Хозяин квартиры закончил свой рассказ. И вдруг женский голос спросил его:
– Но куда мы пойдём? Может, мы останемся у тебя?
– У меня?.. – удивлённо воскликнул тот.
– Ты сказал, что семья от тебя отказалась. Нам тоже будут не рады. Можно мы останемся? – упрашивала женщина.
– Квартира мертвецов? Интересно ты придумала! – теперь голос хозяина звучал задумчиво.
– А что? Надо держаться друг за друга, – вмешался второй гость.
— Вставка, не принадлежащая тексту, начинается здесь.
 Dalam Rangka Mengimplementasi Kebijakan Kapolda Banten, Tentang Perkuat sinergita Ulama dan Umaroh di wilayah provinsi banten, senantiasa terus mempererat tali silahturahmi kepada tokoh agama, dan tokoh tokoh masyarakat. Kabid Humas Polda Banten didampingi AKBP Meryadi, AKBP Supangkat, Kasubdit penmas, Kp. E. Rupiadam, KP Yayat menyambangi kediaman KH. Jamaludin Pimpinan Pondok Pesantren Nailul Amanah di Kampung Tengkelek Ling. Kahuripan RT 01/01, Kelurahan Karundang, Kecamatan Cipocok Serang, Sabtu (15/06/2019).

Напуганный услышанным, я не спал до утра. В ту ночь никто не вышел из квартиры сверху – дверь больше не открывалась и не хлопала.
***
Мне стало страшно ходить по нашему коридору и по улице. Раньше я не обращал внимания на окружающих, а теперь смотрел на каждого встречного. Многие избегали моего взгляда, отворачивались и обходили стороной. Другие воспринимали моё внимание как угрозу и смотрели в ответ с агрессией. И как я раньше не замечал, что в нашем доме и двух соседних нет нормальных лиц. Все какие-то перекошенные и уродливые.
Теперь я сам начал включать музыку каждый день, лишь бы не слышать, что говорят за стенами. Но голоса продолжали звучать, а я уже не мог удержаться от любопытства, хоть и боялся до дрожи в коленях.
Как-то вечером сделал музыку потише, снизу кто-то разговаривал. Я опять взял кружку и прильнул к полу, оттуда слышался пьяный гомон.
– …ничего я ей не делал! – отчаянно вскрикнул какой-то мужик. – Она сбежала, потому что не хотела растить уродку. А разве я виноват, что у нас такая дочка?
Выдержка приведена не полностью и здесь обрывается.